Paths and file names are configured directly in the scripts right now. Of course it makes sense to move the configuration to command line parameters. But, well, I didn't yet.

Getting a dump

First, you need a Wikipedia article dump. You can get them in whatever language Wikipedia offers: http://dumps.wikimedia.org/backup-index.html. Pick a language, and download a full article dump like enwiki-20121201-pages-articles.xml (of course, with a newer date). You will need the XML file, so feel free to un-bzip it first. What you get is, well, a huge dump file.

Chunking the dump

The dump file is huge, so you want to chunk it in order to parallelise processing later. And generally: devide and conquer, you know.

Chunking is done in one step and without parallelisation. bin/chunk.sh is what you need. Configure the chunk size, paths and other parameters in the lib/wpcorpus/chunk.py if you like. What you will get is a bunch of files that are valid Wikipedia XML files including parts of the whole dump.

Processing

Processing is basically preparing N text files and indexing them. Both in combination build the later corpus. Text files are just extracts where all XML and unnecessary Wiki markup is stripped. The current solution works with 4 such files. The number 4 maps directly to the number of parallel workers doing the job and has no further meaning. You can configure it for more cores you want to use in bin/process.sh. I wouldn't recommend using a number higher than available cores, but it's up to you.

The other part processing does is indexing. Index is built using PyTables, so you need to install it first. Also, during the processing, a RabbitMQ queue is used for communication between the processing script and the indexer. So, you need RabbitMQ and pika.

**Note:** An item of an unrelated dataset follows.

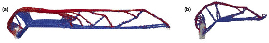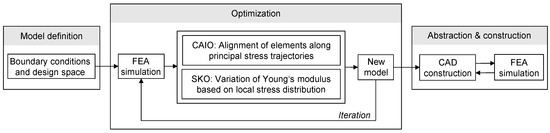 In addition to the separate topology and fiber orientation, the two optimization methods (SKO and CAIO) were programmed as a combined method based on the program blocks of both methods (Figure 6). In each iteration step, the updates of both methods are performed on the same model. This requires minor adaptations in the SKO method: To account for the orthotropic material properties during SKO, only Young’s modulus in fiber direction Ex was used in the update rule (Section 2.5.1, Equation (1)). As in the pure SKO method, 10 discrete materials were used. As material properties, the Young’s moduli in all directions were interpolated towards , meaning that the material with the minimum Young’s modulus has isotropic material properties and, thus, saves computing time during the CAIO part, as no fiber realignment is performed in this regions. Despite the orthotropic material properties, the von Mises stress was chosen as the characteristic stress σ for the material variation during SKO:

You will also need some further Python libs: lxml and SimpleConfigParser. When you have all components installed and configured, run bin/index.sh first and bin/process.sh next. They work as a pair. Yes, indeed, I could have implemented a top script that takes care of firing up both and shuttding it down properly.

Usage

In order to use the result, you need to go with NLTK and nltk-trainer. If you don't know anything about any of these, well, you're probably wrong here. Or you will have to port this wpcorpus to whatever you use for NLP. I go with NLTK and the trainer.

First of all, create a symbolic link (yes, Windows user, a symbolic link) to the corpus folder (where you'll find subfolders with chunks and index after you went through the steps above). Call it wpcorpus or change its name in bin/train.sh.

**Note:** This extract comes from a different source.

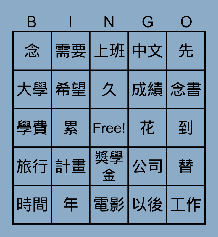 This bingo card has a free space and 24 words: 計畫, 年, 久, 時間, 先, 念, 大學, 需要, 花, 獎學金, 成績, 學費, 公司, 替, 希望, 以後, 到, 上班, 念書, 累, 工作, 旅行, 中文 and 電影.

From here, it's easy. In the bin/train.sh you will find a simple example how to pickle a classifier with nltk-trainer. It tries to distinguish political texts from trolling (see notes below on how reliable this would be). In the bin/train.sh, you see the class name to go with, a | separated list of Wikipedia categories to use for this class, where all articles of these categories will contribute text to this class training, followed by a similar list of anti-categories that will contribute to the counterpart. The anti-categories all together contribute to the class called irr.

Look up in the nltk-trainer and the NLTK documentation how to use the created pickle for classification. From here, all the work (and it's a lot of work) will go into finding right categories and playing with anti-categiries, accuracy and such. But this is also a fun part. To play with categories, you either can go with the Wikipedia web page, or just extract categories from the index file using PyTables. Or just search in the index directly.

Weird parts

By the time of writing, libxml has exposed a pretty weird memory leak, so I frequently restart workers using some weird synchronization through temp files. I went with Celery first, and it worked great, until libxml has helped Linux kernel's OOM killer to kick my workers.

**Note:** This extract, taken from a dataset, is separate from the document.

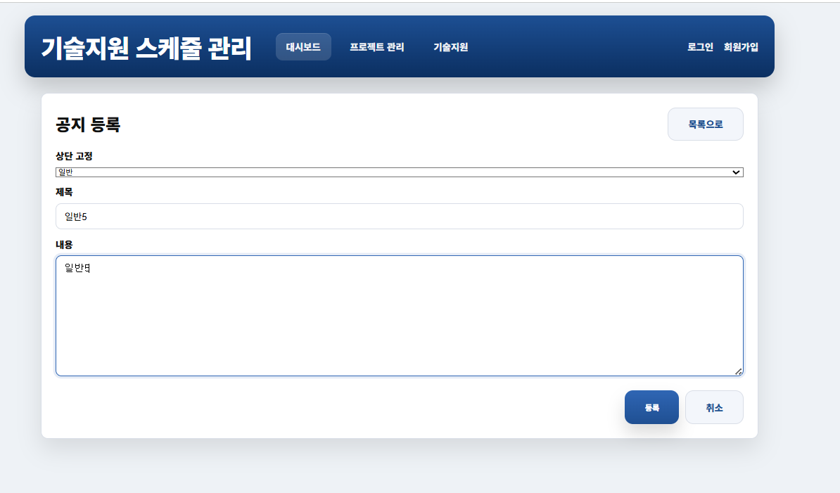 -> 공지등록 화면

One possible question can also be: why not use Hadoop for that? Well, the answer is: why use Hadoop for that? It's just a tiny bunch of scripts and can run in an hour or two on a modern notebook without any file system abstractions. Or without any abstractions, to be honest. Think yourself the rest.

Another incompleteness is that right now only word based NLTK training is possible. I didn't yet implement sentenses and paragraphs, but this would be easy to do.

Speaking of Wikipedia's category chaos: in order to train your classifiers in a way that is usable, you would end up having long lists of categories and anti-gategories. The better you can separate them, the better the accuracy. And still, it's text, so trying to reliably distinguish a political text from the one on economics using wpcorpus, might lead to misclassification. It will lead to misclassification. On the other hand, using completely unrelated anti-categories the way I use in the example, is also not really helpful. You would only have to go with the accuracy of the political articles on Wikipedia, which is from my experience not absolutely reliable.

One last word about languages: Wikipedia is best in English. German works too, but the size and the quality of articles are questionable sometimes. Check out your language if it comes with enough useful information at all. nltk-trainer might be the next problem - with stopwords etc. But this problems are general in NLP, not just around my tiny contribution.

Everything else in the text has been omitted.